Comparative Example 4 A battery similar to that of Comparative Example 3 was prepared except that both the positive and negative electrodes were vacuum-dried at about 200 ° C. This battery was designated as Comparative Battery Z.

Using these batteries B, Y and Z, cycle characteristics were compared. The charge / discharge conditions at this time were a charge / discharge current of 100 mA and a cycle life of the battery when the initial capacity was reduced by 80%. The result is shown in FIG. From FIG. 4, it can be seen that the battery B of the present invention has superior cycle characteristics as compared with the comparative batteries Y and Z.

As a solvent for dissolving or dispersing polytrifluoroethylene as a binder, methyl ethyl ketone and ethyl acetate can be used in addition to N-methyl-2-pyrrolidone and methylformamide.

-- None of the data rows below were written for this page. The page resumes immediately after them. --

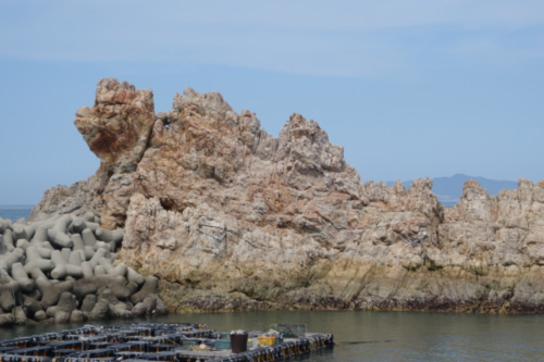 사자바위는 관창동 고봉포 앞바다에 위치하며 만조 시각에 가장 아름다운 모습을 뽑아냅니다. 그 형상은 마치 사자의 얼굴을 닮았다고 해서 "사자바위"라 불리며 그 아름다움이 극대화되는 만조 시간대에 감상할 수 있습니다.
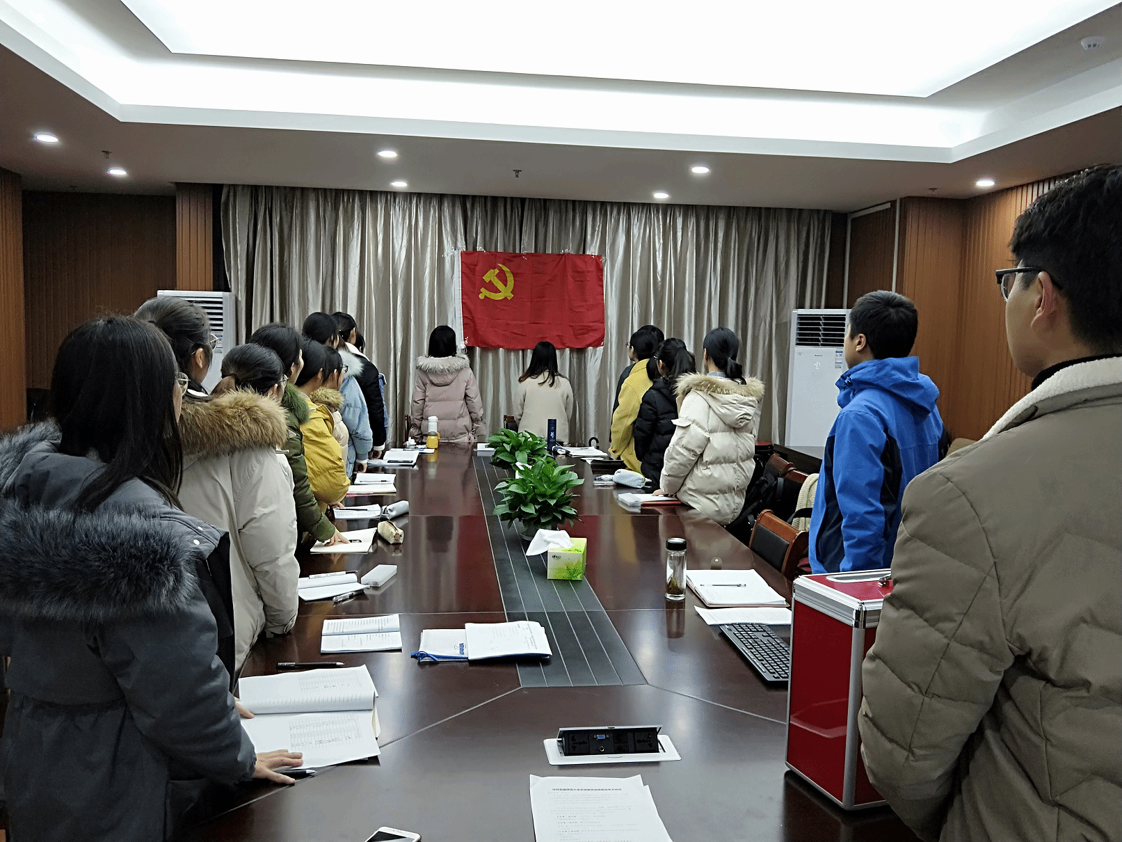会议伊始,全体起立奏唱国歌,随后,上届支部书记袁青兵老师对上一年度党建工作进行总结,并指出了支部现在存在的问题以及给出了相应的建议。袁青兵老师对支部提出了两点希望:一、加强支部宣传力度,强调组织生活的重要性,增强支部的凝聚力加强理论基础知识的学习,提高自身的思想道德修养;二、更加切实有效地发挥先锋模范作用,履行学生党员应尽的责任和义务,党员之间相互学习,共同进步。
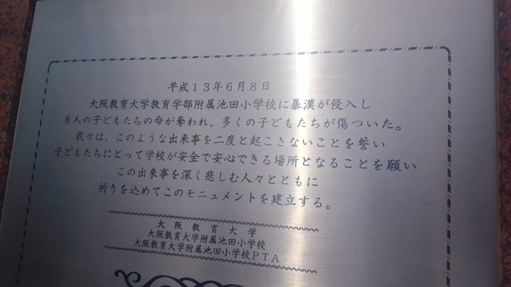 2001年6月8日午前10時12分ごろ、包丁2本を隠し持った宅間守・元死刑囚が、学校東側の門から校内に侵入。校舎1階の教室や廊下で児童らを次々に襲い、2年の女子児童7人と1年の男子児童1人が死亡、児童13人と教諭2人が重軽傷を負った。元死刑囚は現行犯逮捕された。一審・大阪地裁で2003年、死刑判決が言い渡され、控訴を取り下げ刑が確定した(2004年9月死刑執行時・40歳)。
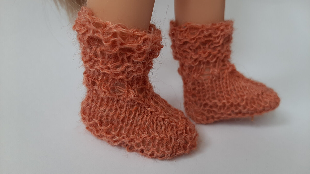 Спицы 1мм. Пряжа 1600м /100гр Краевые петли входят в счёт петель раппорта. 2вм из.* - 2ю и 2ю петли поменять местами и провязать их 2вм из. Набрать 32 петли. Вязать поворотными рядами. 1-6 р - лицевая вязка ( можно 8р) 7р- 13л, 2вмл, 2л, 2вм ( за нижнюю нить),13л 8р- 12из, 2 вм из.*, 2из, 2вм из, 12из 9р- 11л, 2вмл, 2л, 2вм, 11л 10р- 10 из, 2вм из.*, 2из, 2вм из, 10 из 11р- 9л, 2вмл, 2 л, 2вм, 9л 12р- 8 из, 2вм из.*, 2 из, 2 вм из, 8 из 13 р-7 л, 2вмл, 2л, 2вм, 7л 14р- 6 из, 2 вм из.*, 2 из,2 вм из, 6 из 15 р- ( н, 2вм) весь ряд 16р- изн. 17р- лиц. 18р- изн. 19 р- лиц. 20-23р- лиц. 24р - изн. 25р - лиц. 26 р- (н, 2 вм из.) 27-30р - лиц. 31р - закрыть все петли изнаночным приёмом. Ботиночек сшить. Спасибо за внимание!
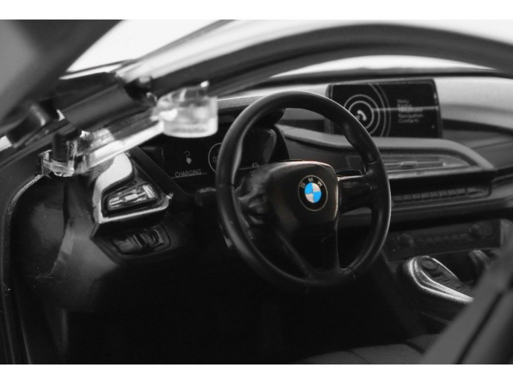 Кола с дистанционно управление BMW i8 е изработена от висококачествен ABS пластмаса и най-добри механични и електронни компоненти. Интериорът е детайлно пресъздаден. Колата е оборудвана с предни и задни LED светлини. Моделите на Rastar се движат бързо и с изключителна точност.
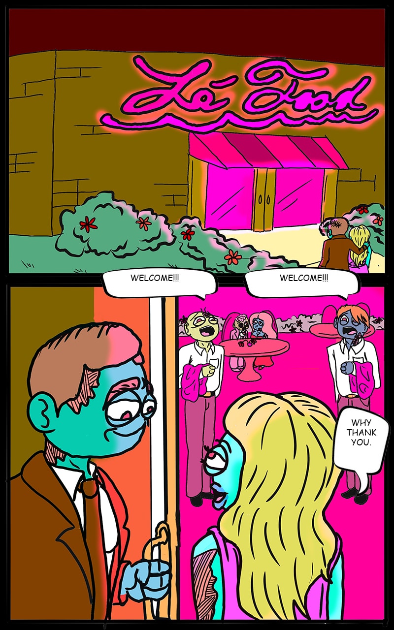THIS IS RANDOM. ZOMBIES RESUMING NORMAL LIVES AS IF NOTHING HAPPEND. NEVER SEEN THAT BEFORE, HOW ORIGINAL.
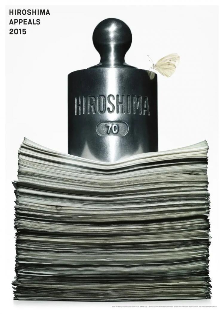 18luck新利全站 理念:海报中用一摞被沉重砝码压住的文件来象征抵制战争。文件代表着不同声音与观点,印着“广岛”的砝码则重重的压制在上面,佐藤卓想表达的是:“有些事情,无论提出什么样的理由,都是绝对不能做的。”砝码上还停留了一只蝴蝶,以致敬由龟仓雄策创作的“广岛呼吁”系列首幅海报——《燃烧的蝴蝶》。
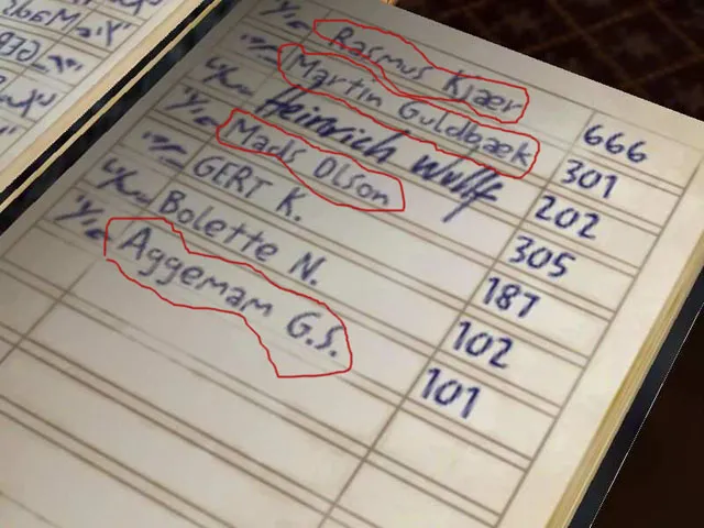 Суть: в списаках гостей очередное упоминание о группе Aggemam, имена разработчиков (Раймус Кайер, Мартин Гулдабек, Медс Олсон) и гостиничный номер "666".
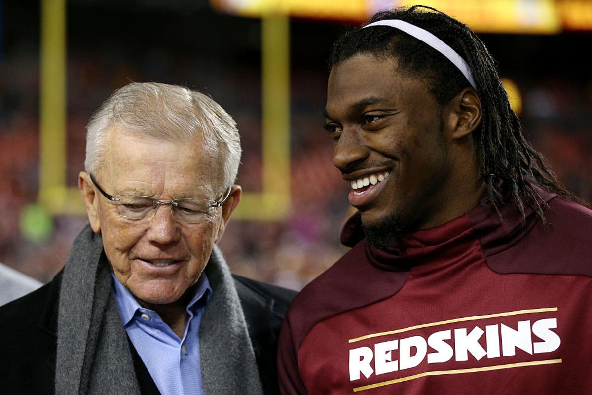 PHOTO: Former head coach Joe Gibbs of the Washington Redskins talks with quarterback Robert Griffin III #10 before a game between the Redskins and the Dallas Cowboys at FedExField on December 7, 2015 in Landover, Maryland. (Photo by Patrick Smith/Getty Images)
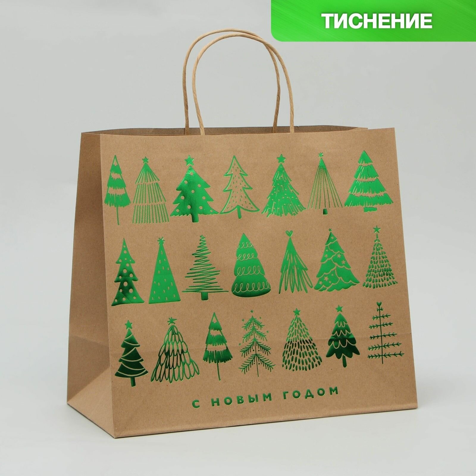 10 цен на Пакет подарочный новогодний крафтовый Forest, 32 х 28 х 15 см

In addition to lithium hexafluorophosphate, lithium tetrafluoroborate, lithium hexafluoroarsenate, lithium trifluoromethanesulfonate, lithium hexafluoroarsenate, and lithium hexafluoroantimonate as solutes of the nonaqueous electrolyte solution. And lithium perchlorate can be used as well.

[0021]

As is clear from the above description, the present invention uses polytrifluoroethylene (ethylene trifluoride resin) as a binder used when preparing the positive and negative electrodes of a non-aqueous electrolyte battery. Therefore, the storage characteristics and cycle characteristics of this type of battery can be improved, and its industrial value is extremely large.

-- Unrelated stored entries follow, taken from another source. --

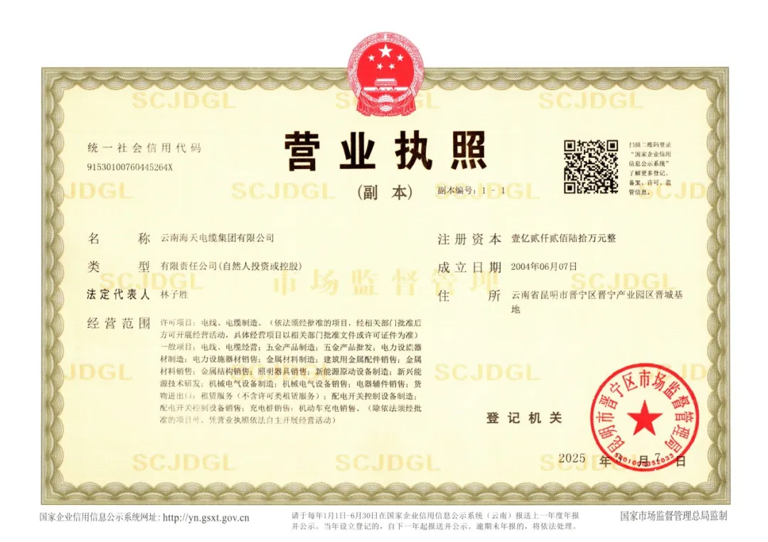 我们满怀欣喜向各界宣布:经市场监督管理部门核准,昆明海天电线电缆有限公司正式升级为云南海天电缆集团有限公司!
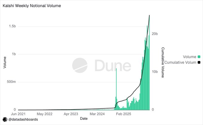 @Kalshi vừa đạt khối lượng giao dịch hàng tuần vượt mốc 1,7 tỷ đô la lần đầu tiên, nâng tổng khối lượng giao dịch tích lũy của họ lên hơn 25 tỷ đô la.
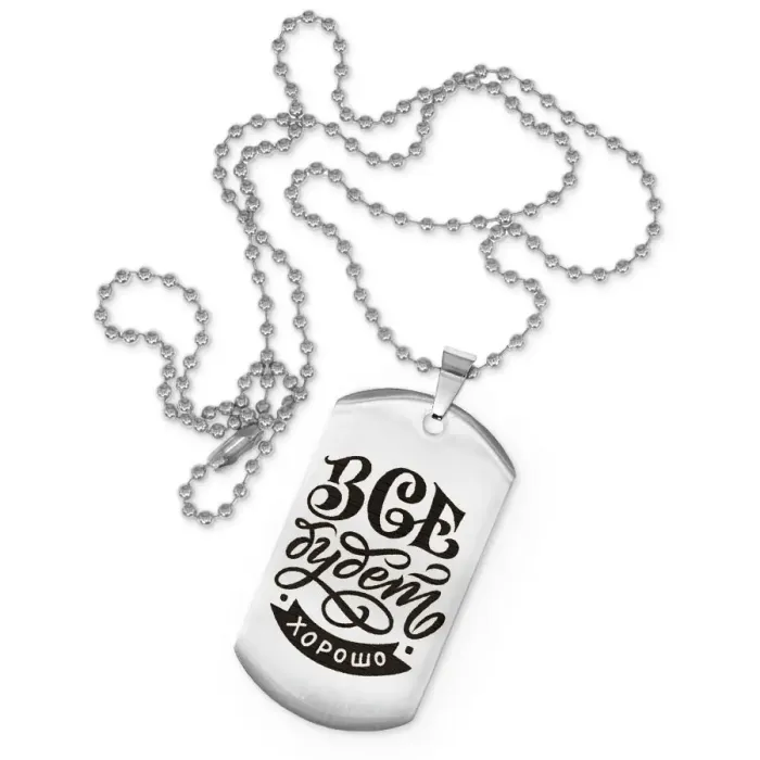 Жетон на цепочке с позитивной надписью. Изготовлен из нержавеющей стали с зеркальной полировкой и лазерной гравировкой.
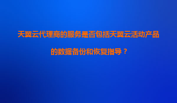 2025-11-07天翼云代理商的服务是否包括天翼云活动产品的数据备份和恢复指导? 天翼云代理商的服务范围 天翼云作为中国电信旗下的云计算服务品牌,通过广泛的代理商网络为用户提供全面的云服务支持。关于"...
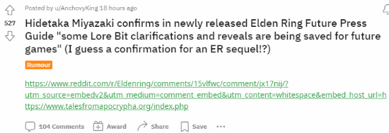 环学家给自己画饼 分析攻略书认为《艾尔登法环》有续作
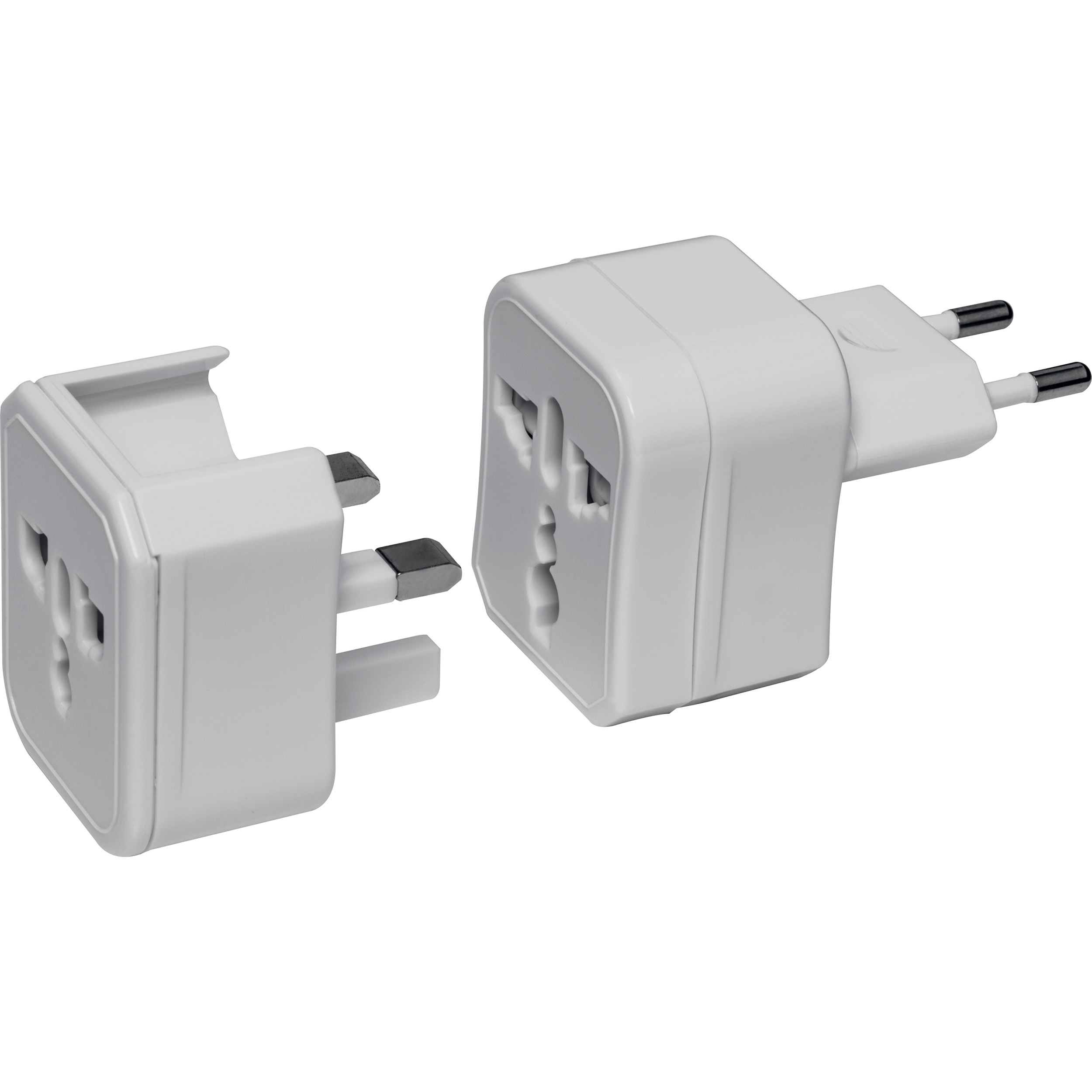 Reiseadapter in einem Kunststoffetui mit Adaptern für US, UK, AUS, Asien und EU. So können Sie auch unterwegs Ihre Geräte immer benutzen oder aufladen. Der Werbeaufdruck erfolgt auf das Etui.

[Brief description of the drawings]

FIG. 1 is a longitudinal sectional view of a battery of the present invention.

FIG. 2 is a graph showing storage characteristics of a battery A of the present invention and comparative batteries W and X.

FIG. 3 is a cycle characteristic diagram of a battery A of the present invention and comparative batteries W and X.

FIG. 4 is a cycle characteristic diagram of a battery B of the present invention and comparative batteries Y and Z.

[Explanation of symbols]

 DESCRIPTION OF SYMBOLS 1 Negative electrode 2 Positive electrode 3 Separator A, B Battery of this invention, W, X, Y, Z Comparative battery.

──────────────────────────────────────────────────続 き Continuing on the front page (72) Inventor Masatoshi Takahashi 2-18-18 Keihanhondori, Moriguchi-shi, Osaka Sanyo Electric Co., Ltd. (72) Inventor Hiroshi Watanabe 2-18-18 Keihanhondori, Moriguchi-shi, Osaka (56) References JP-A-3-225751 (JP, A) JP-A-63-72065 (JP, A) (58) Fields investigated (Int. Cl. ⁷ , DB name) H01M 4 / 36-4/62 H01M 4/02-4/04 H01M 10/40

Claims (5)

(57) [Claims] 1. A battery comprising a chargeable / dischargeable positive electrode, a negative electrode using lithium as an active material, and a non-aqueous electrolyte,
These positive and negative electrodes are characterized in that the positive and negative electrode active materials are coated and dried on a core material made of metal foil using polytrifluoroethylene (ethylene trifluoride resin) as a binder. Non-aqueous electrolyte battery. 2. The non-aqueous electrolyte battery according to claim 1, wherein N-methyl-2-pyrrolidone, methyl ethyl ketone, ethyl acetate, and methylformamide are used as a solvent for dissolving or dispersing the binder. 3. The non-aqueous electrolyte battery according to claim 1, wherein the positive electrode is a manganese oxide, an iron oxide, a nickel oxide, or a cobalt oxide. 4. The non-aqueous electrolyte according to claim 1, wherein the negative electrode is an alloy, an oxide, or carbon capable of inserting and extracting lithium. battery. 5. The solute of the non-aqueous electrolyte comprises lithium trifluoromethanesulfonate, lithium hexafluorophosphate, lithium tetrafluoroborate, lithium hexafluoroarsenate, lithium hexafluoroantimonate, and lithium perchlorate. 3. The method according to claim 1, wherein at least one selected from a group is selected.
The non-aqueous electrolyte battery according to claim 3.